I ask: At what range does it cross over from the actual action of hunting to just being able to shoot animals from so far away that it impedes the fairness of the 'chase'and violates the spirit of the hunter and the game and crosses the line of fair chase hunting?


Personally I feel that modern era mankind has had it rather easy with the convenience of modern weapons
centerfires & scopes (regardless of distance), and that the genuine/original ethos of "fair chase" and " spirit of the hunter"
has mostly died or diminished when we stopped thrusting spears into animals from a couple yds, it was such long standing
primitive methods which put us on much more even ground during the pursuit of wild game....alas we now live in the world of high modern convenience, but we have lost something valuable in the process.

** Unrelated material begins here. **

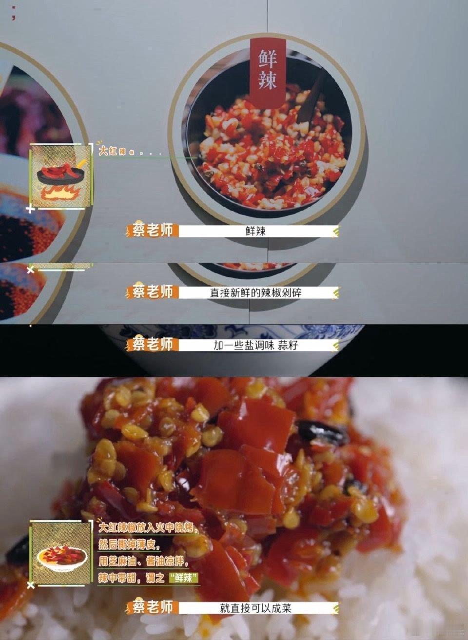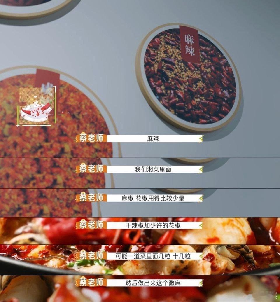 湘菜竟然有6种不同的辣味 这期节目应该改名叫《湘菜辣味图鉴》。六种辣味就是六章内容,每章都有独特的风味哲学。建议蔡老师出本书,我一定买来当湘菜点餐指南,吃出专业水准。

Even when we look at war, some are engaged in it the detached modern way, say as a pilot dropping bombs from above quite remote from his target and the personal human factor, then we have those guys in the trenches who did savage do or die bayonet charges and saw and felt their human targets right up close & personal, often looking into their enemies eyes sometimes from just a few inches as they thrust the bayonet in again and again....Same war but two totally different experiences and demands on a human, the second one portraying mans most primitive/primordal instincts of survival and harking back to the times when humans killing humans(or wild animals), almost always demanded it be done up close and personal....todays technology allows todays hunters be much more detached resulting in less exposure to experiences of what I call "brutal intimacy" with nature during the act of killing game.


-Bulletproof and Waterproof don't mean Idiotproof.